WORK ORDER – If a line below falls between the line with "首页:设备监控; PCS; BMS;电表; 除湿机;消防主机; 液冷主机" and the line with "支部副書記張爭光對(duì)", or is one of those two, output it exactly; output nothing else and no pictures.

DATA SHOWN –
+-------+
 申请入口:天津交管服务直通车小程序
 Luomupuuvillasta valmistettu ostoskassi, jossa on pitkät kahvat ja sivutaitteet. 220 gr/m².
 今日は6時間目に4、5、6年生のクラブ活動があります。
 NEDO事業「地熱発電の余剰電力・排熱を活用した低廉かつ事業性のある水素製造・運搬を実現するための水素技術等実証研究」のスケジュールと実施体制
+-------+
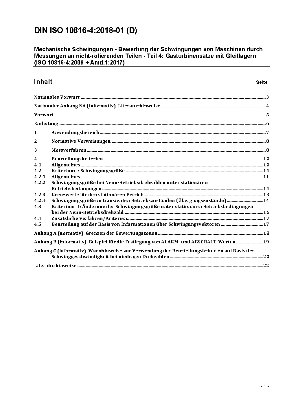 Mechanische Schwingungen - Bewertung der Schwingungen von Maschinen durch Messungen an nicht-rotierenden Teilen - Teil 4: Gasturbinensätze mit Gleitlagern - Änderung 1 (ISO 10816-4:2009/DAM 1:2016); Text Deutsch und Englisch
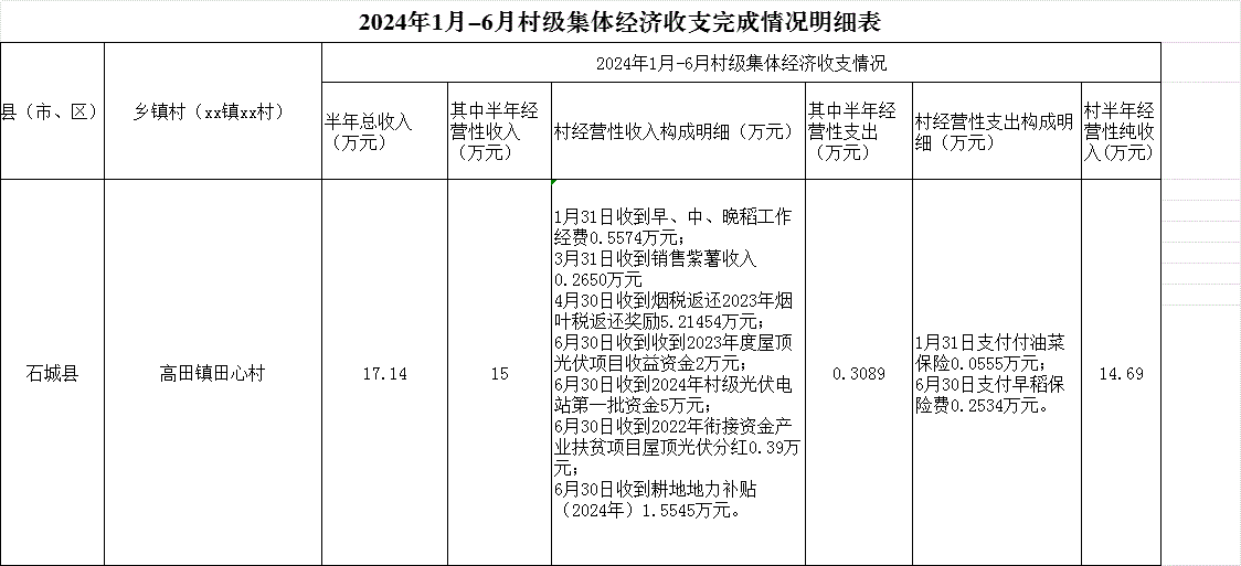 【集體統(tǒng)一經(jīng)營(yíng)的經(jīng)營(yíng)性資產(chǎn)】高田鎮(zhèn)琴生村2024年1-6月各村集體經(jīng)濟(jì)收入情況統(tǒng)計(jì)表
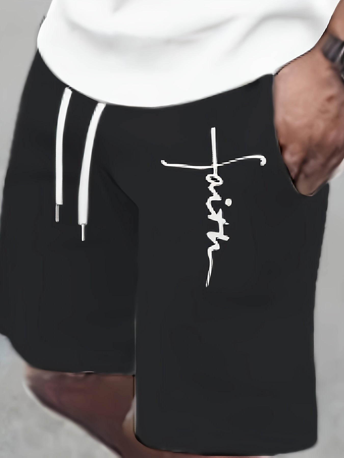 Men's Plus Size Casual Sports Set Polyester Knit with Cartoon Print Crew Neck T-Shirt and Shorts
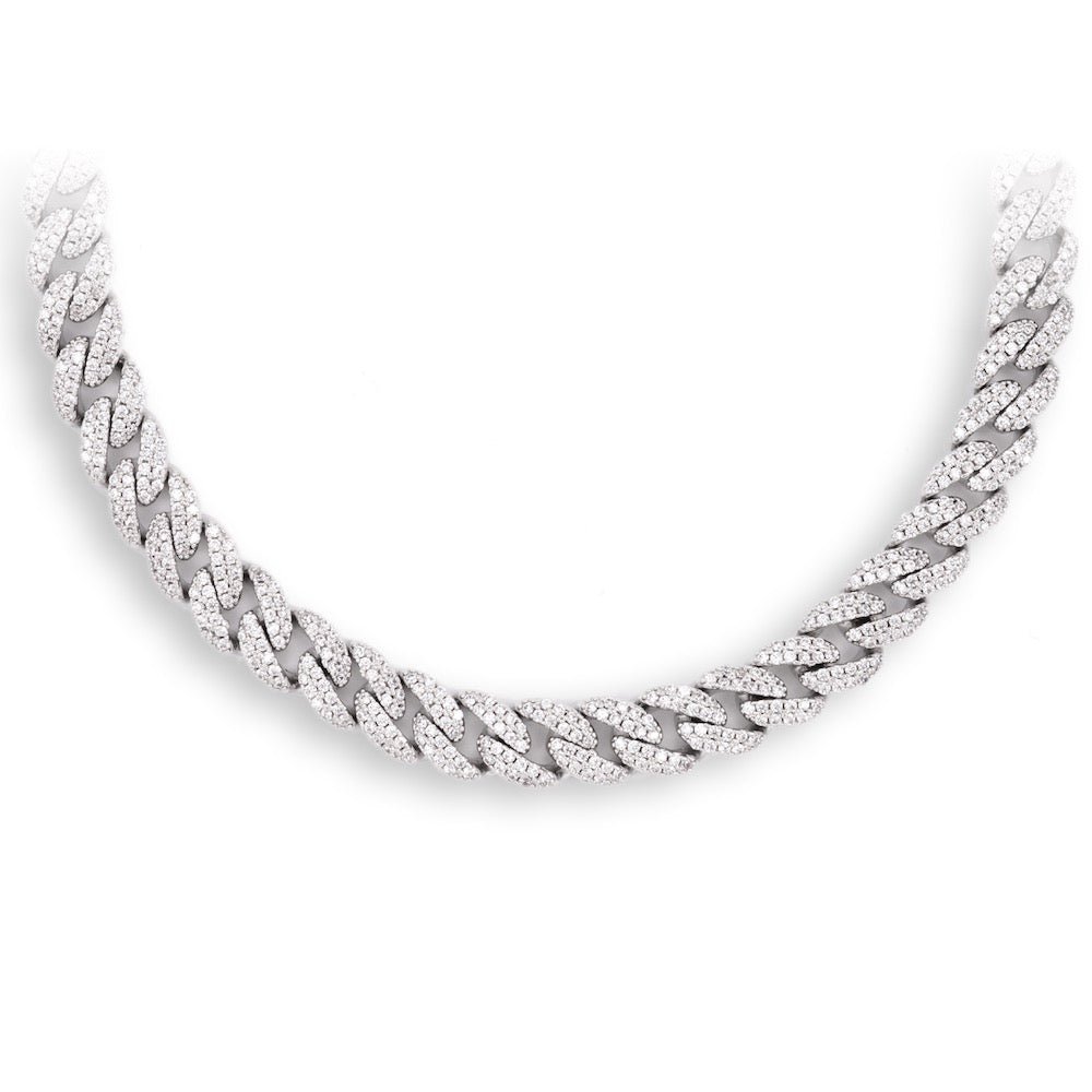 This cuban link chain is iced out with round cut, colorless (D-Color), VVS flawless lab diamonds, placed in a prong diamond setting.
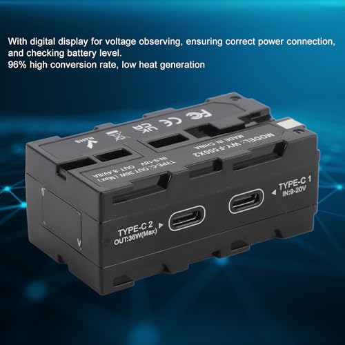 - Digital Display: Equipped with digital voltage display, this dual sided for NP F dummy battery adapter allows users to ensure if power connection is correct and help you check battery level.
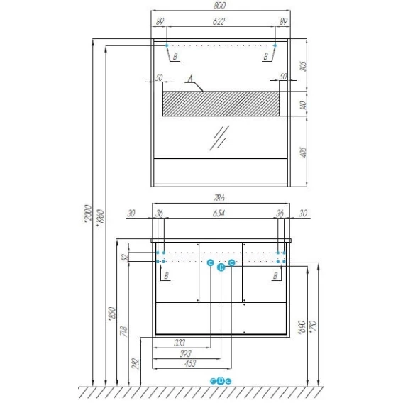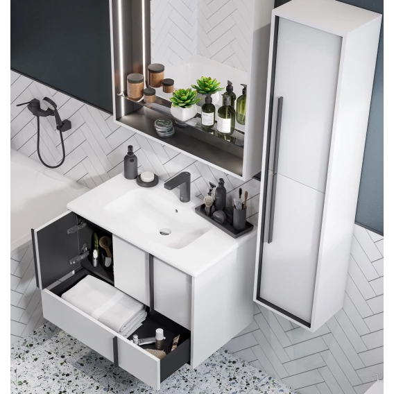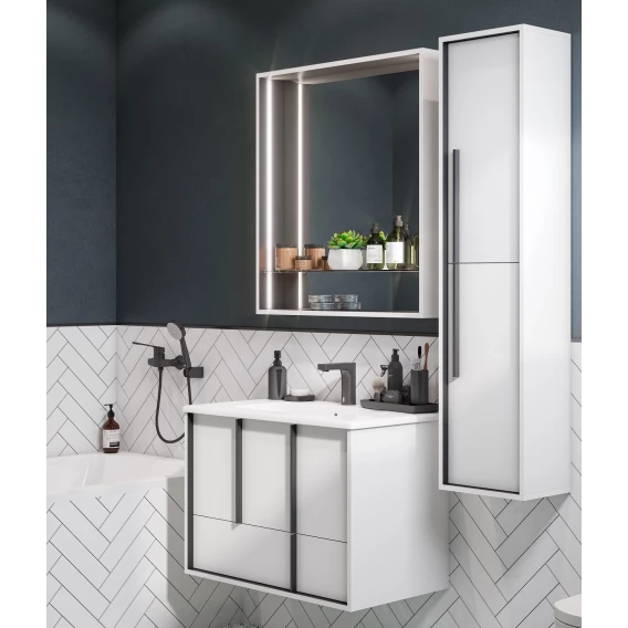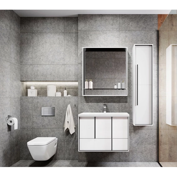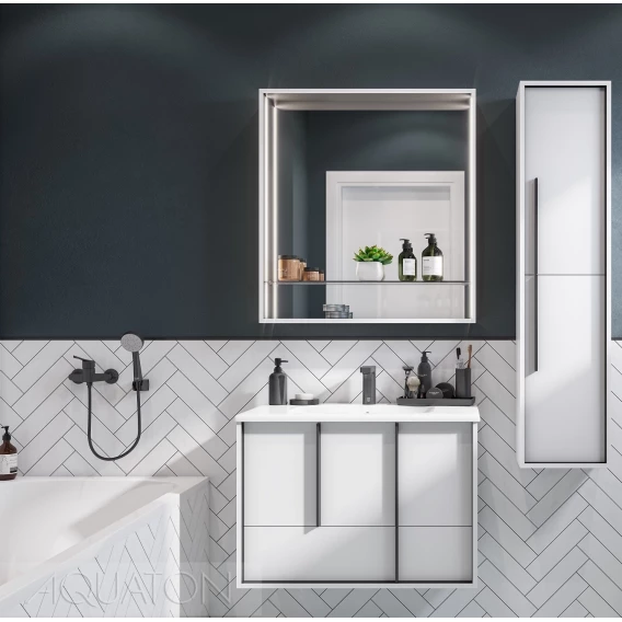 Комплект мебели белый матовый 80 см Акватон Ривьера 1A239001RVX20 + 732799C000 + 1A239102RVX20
+-------+
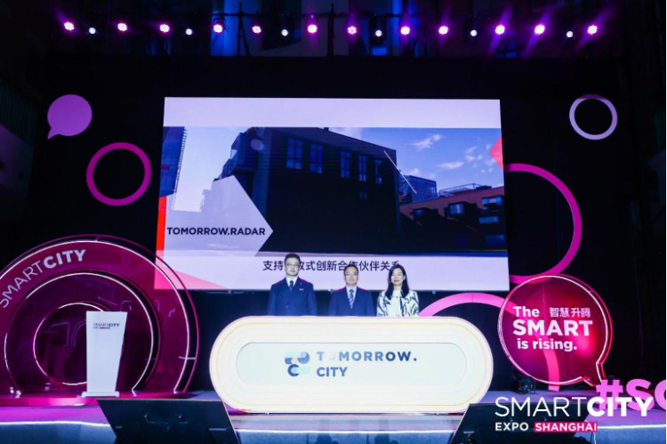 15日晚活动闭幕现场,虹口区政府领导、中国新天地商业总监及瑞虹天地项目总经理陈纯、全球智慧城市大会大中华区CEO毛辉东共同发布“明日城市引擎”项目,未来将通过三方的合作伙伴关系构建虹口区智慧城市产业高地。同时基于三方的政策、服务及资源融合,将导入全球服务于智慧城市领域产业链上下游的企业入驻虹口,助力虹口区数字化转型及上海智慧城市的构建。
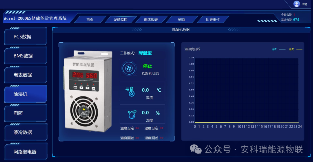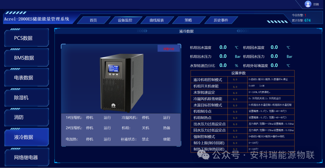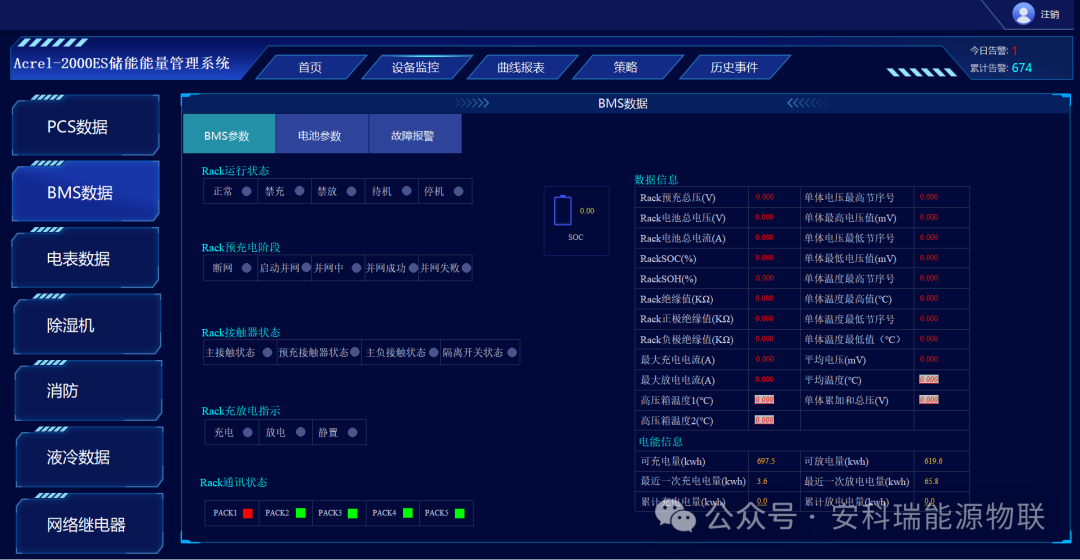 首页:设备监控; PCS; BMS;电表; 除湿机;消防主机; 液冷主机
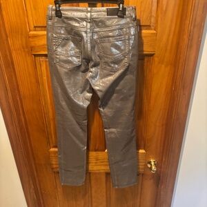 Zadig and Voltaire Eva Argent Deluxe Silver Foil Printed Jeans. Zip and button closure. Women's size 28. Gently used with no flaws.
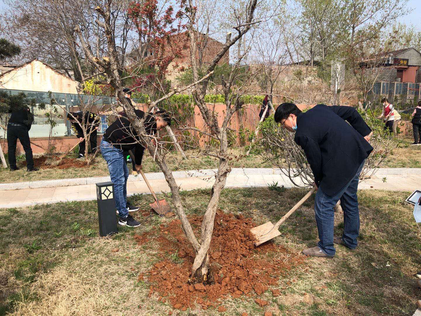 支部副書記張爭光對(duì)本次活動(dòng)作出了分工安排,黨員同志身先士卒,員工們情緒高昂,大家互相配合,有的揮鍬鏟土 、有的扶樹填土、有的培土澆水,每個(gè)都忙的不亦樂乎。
+-------+
RESULT FOR THIS TASK –
 首页:设备监控; PCS; BMS;电表; 除湿机;消防主机; 液冷主机
 Zadig and Voltaire Eva Argent Deluxe Silver Foil Printed Jeans. Zip and button closure. Women's size 28. Gently used with no flaws.
 支部副書記張爭光對(duì)本次活動(dòng)作出了分工安排,黨員同志身先士卒,員工們情緒高昂,大家互相配合,有的揮鍬鏟土 、有的扶樹填土、有的培土澆水,每個(gè)都忙的不亦樂乎。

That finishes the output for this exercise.